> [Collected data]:
[Start of Attachment]

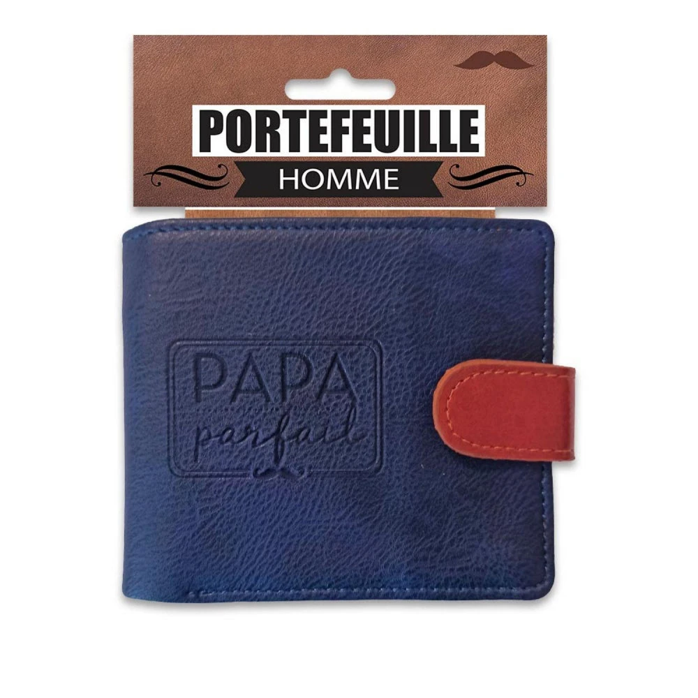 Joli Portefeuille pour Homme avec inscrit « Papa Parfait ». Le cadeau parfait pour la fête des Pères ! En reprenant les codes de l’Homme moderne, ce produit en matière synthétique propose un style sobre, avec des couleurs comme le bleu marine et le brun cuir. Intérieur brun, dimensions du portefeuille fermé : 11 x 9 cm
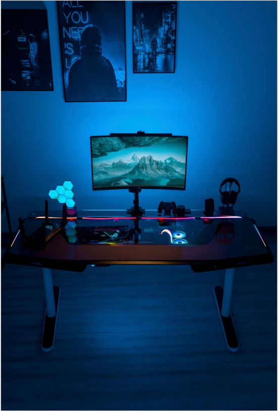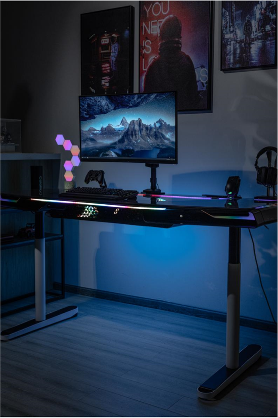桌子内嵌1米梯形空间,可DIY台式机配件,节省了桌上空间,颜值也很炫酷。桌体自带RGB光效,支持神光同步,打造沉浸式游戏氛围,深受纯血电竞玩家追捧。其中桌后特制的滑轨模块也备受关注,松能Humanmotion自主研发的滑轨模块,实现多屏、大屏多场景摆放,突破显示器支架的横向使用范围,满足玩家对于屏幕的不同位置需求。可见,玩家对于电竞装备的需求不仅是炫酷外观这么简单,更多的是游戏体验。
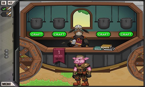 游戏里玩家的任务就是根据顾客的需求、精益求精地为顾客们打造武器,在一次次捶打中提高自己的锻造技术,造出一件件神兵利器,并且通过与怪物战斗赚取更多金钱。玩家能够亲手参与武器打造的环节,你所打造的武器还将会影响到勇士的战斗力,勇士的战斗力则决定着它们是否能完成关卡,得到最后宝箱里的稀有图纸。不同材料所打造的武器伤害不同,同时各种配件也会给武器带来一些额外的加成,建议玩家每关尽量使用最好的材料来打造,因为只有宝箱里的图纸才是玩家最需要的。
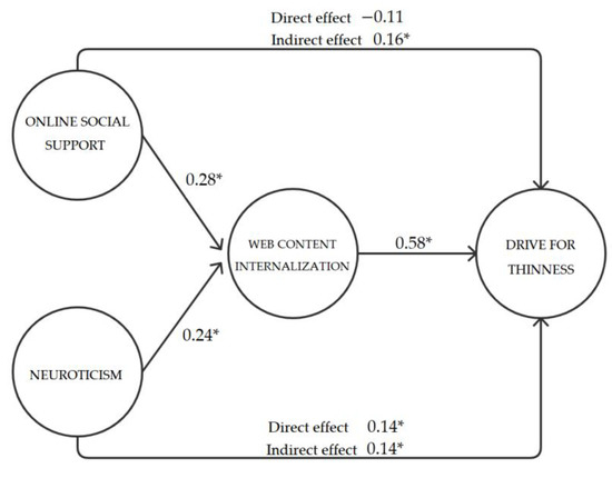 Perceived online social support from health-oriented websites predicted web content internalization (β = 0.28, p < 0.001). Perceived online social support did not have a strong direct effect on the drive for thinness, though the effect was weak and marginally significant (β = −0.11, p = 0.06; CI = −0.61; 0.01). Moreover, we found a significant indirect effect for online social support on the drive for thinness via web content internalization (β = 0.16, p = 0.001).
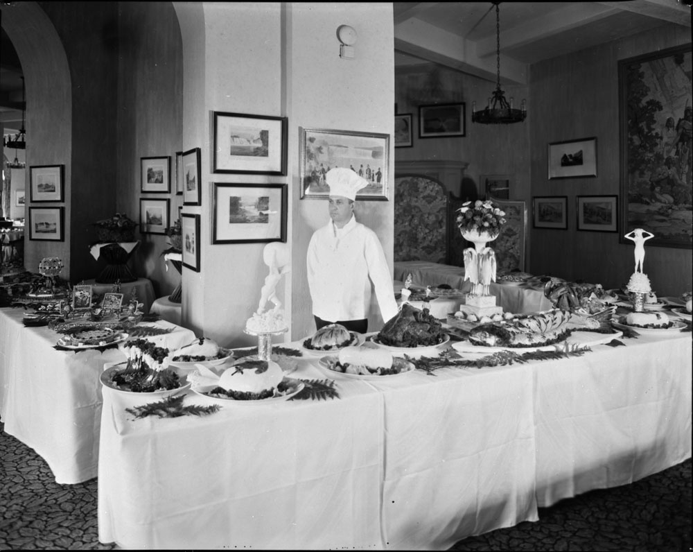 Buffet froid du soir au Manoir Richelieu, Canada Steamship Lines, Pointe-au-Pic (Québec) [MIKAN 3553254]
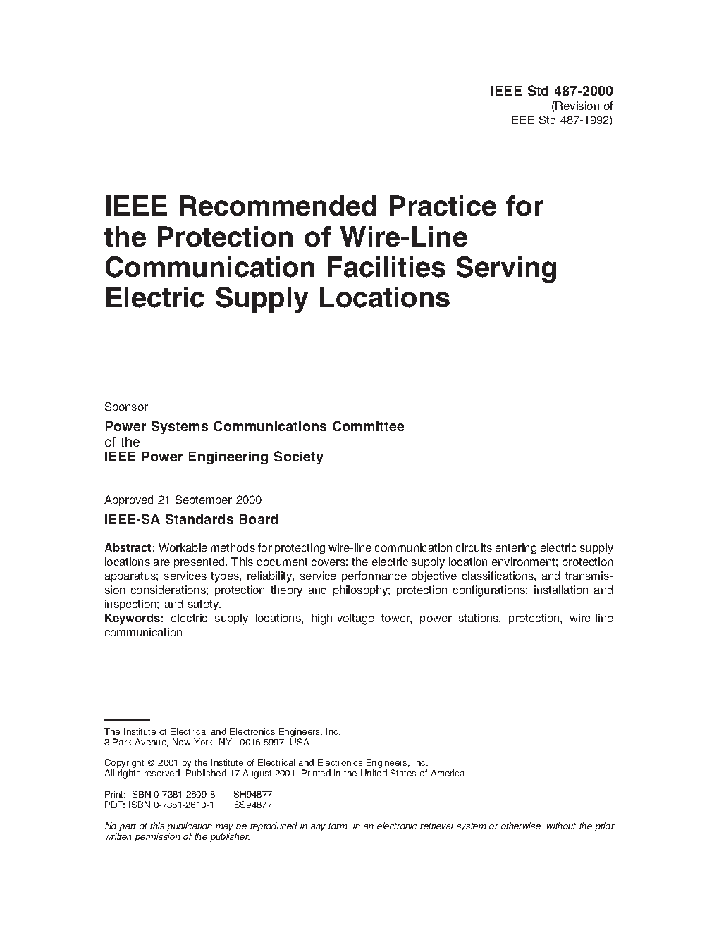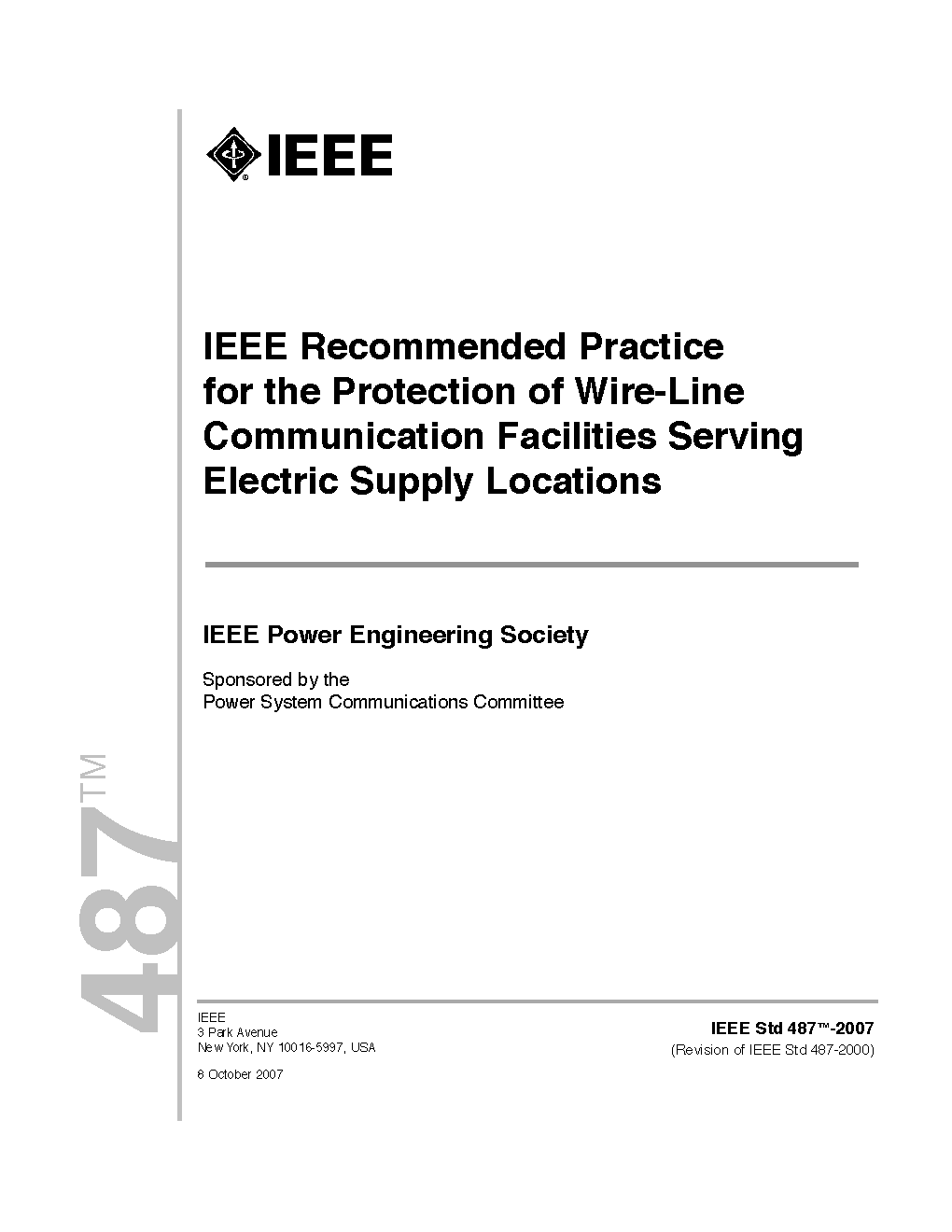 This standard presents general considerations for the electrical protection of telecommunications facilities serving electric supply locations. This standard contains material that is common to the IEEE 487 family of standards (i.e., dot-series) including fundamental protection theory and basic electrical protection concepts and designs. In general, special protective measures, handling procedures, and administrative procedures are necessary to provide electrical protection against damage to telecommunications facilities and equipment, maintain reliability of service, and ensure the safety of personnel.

[End of Attachment]

> [Assignment]:
Here the lines from the one with "Buffet froid du" through the last line of the data above need to be repeated exactly, both included, and any picture omitted.

> [Response below]:
 Buffet froid du soir au Manoir Richelieu, Canada Steamship Lines, Pointe-au-Pic (Québec) [MIKAN 3553254]
 This standard presents general considerations for the electrical protection of telecommunications facilities serving electric supply locations. This standard contains material that is common to the IEEE 487 family of standards (i.e., dot-series) including fundamental protection theory and basic electrical protection concepts and designs. In general, special protective measures, handling procedures, and administrative procedures are necessary to provide electrical protection against damage to telecommunications facilities and equipment, maintain reliability of service, and ensure the safety of personnel.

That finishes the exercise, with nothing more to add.